At the age of 3, a special ritual was performed – “tons”, during which the gender of the child was emphasized in different ways. All friends and relatives came to their parents with gifts that would come in handy later: for boys – tools or a bridle, and for girls – threads, wool, etc. At that time, daughters braided for the first time, and sons were cut in a “circle”. Everyone had to be fed, accept pleasant wishes and gifts.
In the Urals, almost every family had many children, but at the same time, all the older sons and daughters helped to look after the younger ones. The atmosphere of mutual support always reigned in the family. From an early age, daughters were taught not only needlework and rules of conduct, but also nursery rhymes, lullabies and folk songs. Fathers introduced their sons to carpentry and agriculture, and at the same time they told them epics. In this way, the cultural heritage was passed along with practical knowledge.

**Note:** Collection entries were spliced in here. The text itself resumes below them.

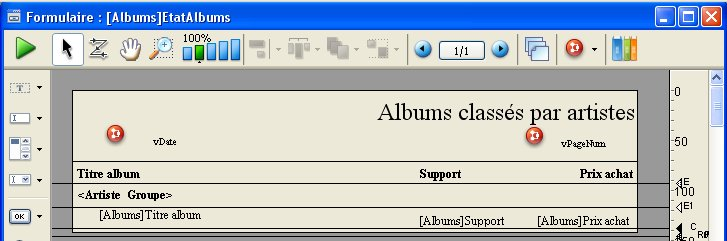 Les états imprimés, à la différence des formulaire liste écran, peuvent utiliser la zone de rupture située à la fin de l’état. Pour les éléments qui doivent apparaître à la fin de chaque page, les états imprimés utilisent la zone de pied de page.
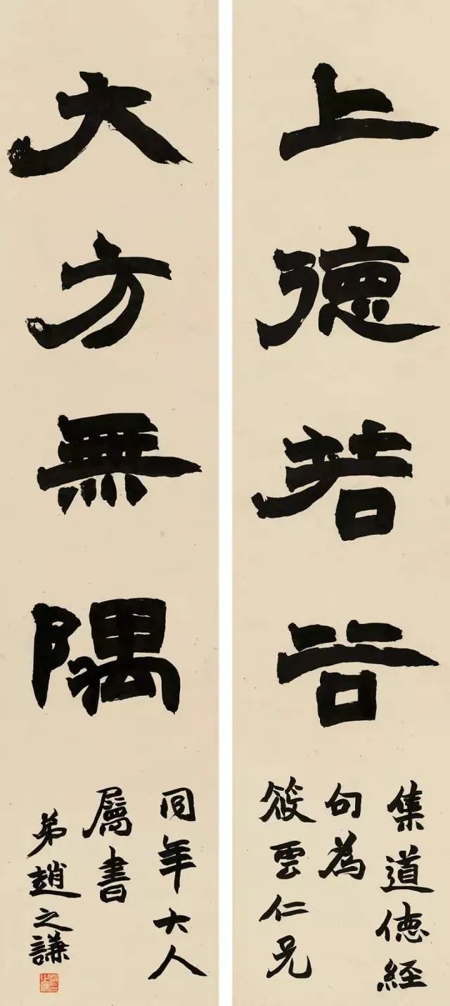 赵之谦(1829—1884),他重书写意趣,多有姿态,中侧锋之外,又以偏锋取势,自出机抒,其隶书结体宽扁,笔画肆意,有挥洒自在之态。行笔则寓圆于方,方圆结合。结体扁方,外紧内松,宽博自然。平整之中略取右倾之势,奇正相生。
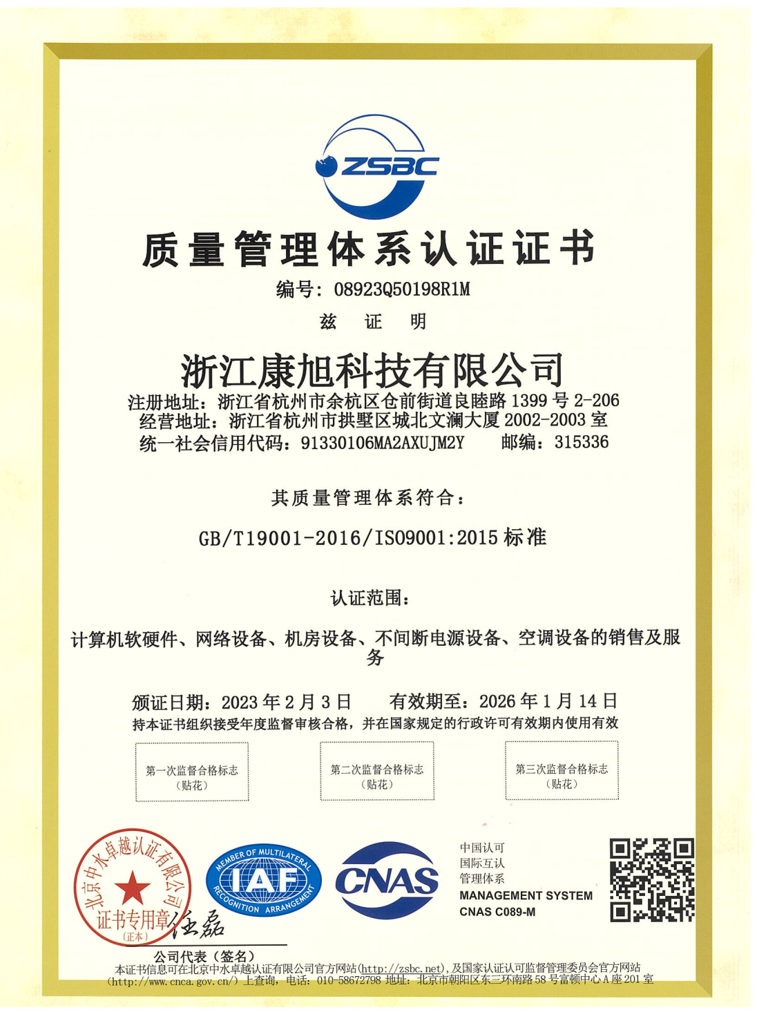 質(zhì)量管理體系認(rèn)證證書
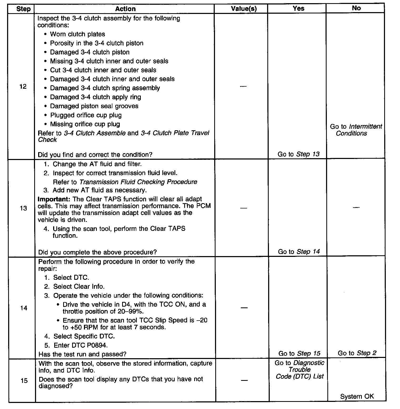 The powertrain control module (PCM) monitors the difference between engine speed and transmission output speed. In D3 drive range with the TCC engaged, the engine speed should closely match the transmission output speed. In D4 drive range, with the TCC engaged, the TCC slip speed should be -20 to+50 RPM. When the PCM detects excessive TCC slip when the TCC should be engaged, then DTC P0894 sets. DTC P0894is a type B DTC.

For most peoples, the raven does not belong to light symbols, but in the Urals this bird has a special relationship, so one of the interesting traditions in this region concerns it. Every year in the Ural cities and villages a holiday is held – the crow’s day. It is believed that the crows awaken the spring forces of the earth with their cry, therefore, after this holiday, the cold remains in the past, and heat gradually comes.
Also, these birds are the patrons of women and small children: on a crow’s day, the keepers of the hearth ask for protection and health.
Bread is the head of everything
Careful and respectful attitude to bread can be considered a characteristic feature of the Urals. Any results of hard work, and especially bread, were considered sacred. Even if it is tasteless, it was strictly forbidden to apply the word “bad” to it, and it is also impossible to throw it away. Small crumbs were swept off the table and given to the birds.
A wanderer, a homeless person or a victim of a fire was always given a loaf of bread.